Surprise dans les bilans mensuels du marché automobile en France : Tesla, le géant californien de la voiture électrique, a enregistré en mars 2024 ses pires ventes depuis quatre ans. Avec seulement 1 255 immatriculations selon les chiffres AAA Data, la marque d’Elon Musk voit son dynamisme sérieusement freiné sur l’un de ses marchés stratégiques en Europe. Comment expliquer cette contre-performance soudaine ?
Un mois de mars noir pour Tesla France
Depuis que la Model 3 s’est imposée comme la meilleure vente de VE dans l’Hexagone, Tesla n’avait jamais connu une telle baisse. En mars 2023, sur le même mois, ce sont 5 221 véhicules qui avaient été immatriculés. En un an, cela représente une chute vertigineuse de 76 %, largement au-dessus de la baisse globale du marché des véhicules électriques en France. En comparaison, MG a vendu 1 602 véhicules, Renault 3 317 avec sa Mégane E-Tech et Peugeot 2 825 grâce à ses 208 et 2008 électriques.
Ce plongeon soulève des questions majeures. D’autant plus que la demande pour les voitures électriques reste forte en France, portée par des objectifs environnementaux ambitieux et une fiscalité incitative (bonus écologiques, avantages malus CO2, etc.).
Musk, facteur de division pour l’image de Tesla
L’ombre d’Elon Musk plane sur ces chiffres inquiétants. Le patron de Tesla, habitué des prises de parole controversées et d’une communication parfois clivante sur X (anciennement Twitter), suscite l’exaspération d’une partie des clients européens. Plusieurs observateurs notent que les positions libertariennes de Musk, ses polémiques sur la modération des contenus en ligne et ses liens supposés avec des mouvances politiques extrêmes pourraient porter atteinte à l’image de Tesla sur certains marchés occidentaux.
En France, il semble que ce rejet se manifeste plus activement : de nombreux témoignages évoquent un malaise à l’idée de soutenir une entreprise pilotée par un dirigeant aussi polarisant. Difficile d’ignorer que l’achat d’une voiture n’est plus neutre, surtout dans le segment des véhicules électriques, où l’image de marque est un facteur d’achat primordial.
Un contexte défavorable sur plusieurs fronts
Outre les facteurs liés à l’image du patron, Tesla subit une double peine : des nouveautés attendues qui tardent à arriver (notamment le restylage de la Model Y en Europe), un ralentissement de la production en Chine, et surtout, des subventions publiques qui se rétractent ailleurs dans le monde.
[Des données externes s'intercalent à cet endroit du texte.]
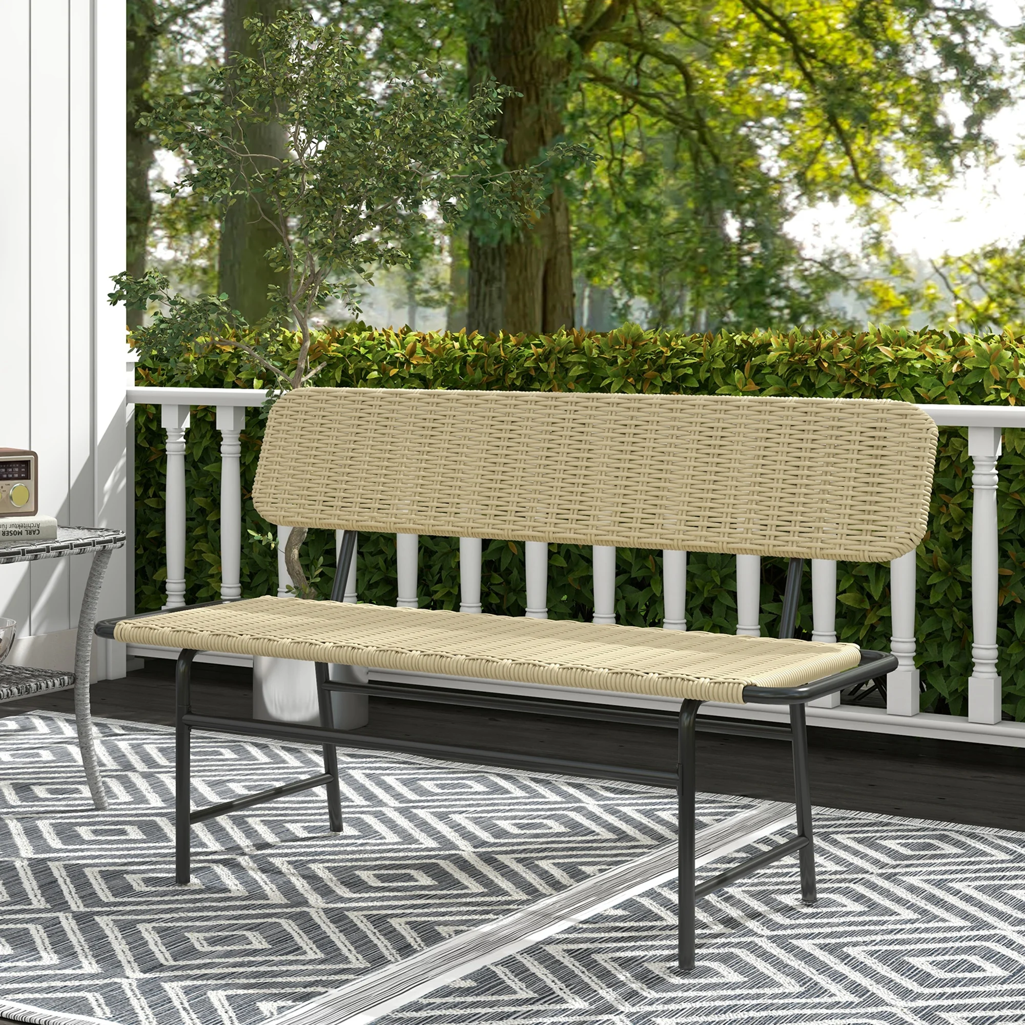 Banc de chaise en polyrattan, banc de jardin 2 places en osier sans accoudoir, jusqu'à 250 kg, structure en métal, banc de balcon élégant en kaki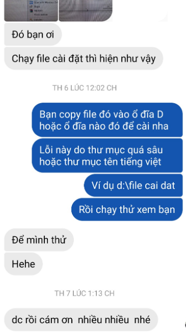 Đây là lỗi do bạn lưu file cài đặt trong thư mục tên tiếng việt có dấu hoặc thư mục cài đặt có đường dẫn quá sâu. Ví dụ: D:\thu muc 1\thu muc 2\thu muc 3\thu muc 4\thu muc 5\file cài đặt. Để khắc phục bạn chỉ cần copy file cài đặt đến thư mục ít sâu hơn là được, ví dụ D:\thu muc 1\file cài đặt hay đơn giản là D:\file cài đặt. Rồi mở lại.

Au Canada, par exemple, Tesla est déjà dans une position délicate suite à la suspension de certaines aides à l’achat – un sujet que nous avions abordé en détail concernant la situation canadienne.
En parallèle, la concurrence se fait de plus en plus consistante. Renault, Peugeot, MG ou encore BYD – tous proposent des produits au rapport prix/équipements très compétitifs, séduisant une clientèle de plus en plus sensible au positionnement tarifaire des VE. Tesla, malgré sa politique de prix agressive en 2023, n’a pas réussi à renouveler l’exploit cette année avec des gammes qui stagnent en innovation esthétique et technologique.
Quels enjeux pour les mois à venir ?
Cette contre-performance de mars ne signifie pas une fin de règne immédiate pour Tesla. Mais elle met en lumière un tournant stratégique majeur : l’entreprise devra redoubler d’efforts pour conserver sa position dominante en Europe, notamment en repensant sa communication, en revitalisant son offre produit et en adaptant ses prix aux réalités locales. Sans actions concrètes, Tesla pourrait perdre rapidement son avance dans un marché où la fidélité des consommateurs n’est jamais garantie.
La marque compte toutefois sur le lancement du Cybertruck (prévu en Europe sous conditions d’homologation) et sur la future génération de Model 2, attendue comme une solution plus abordable. Des atouts à ne pas négliger… mais qui arriveront peut-être trop tard pour sauver une année 2024 morose.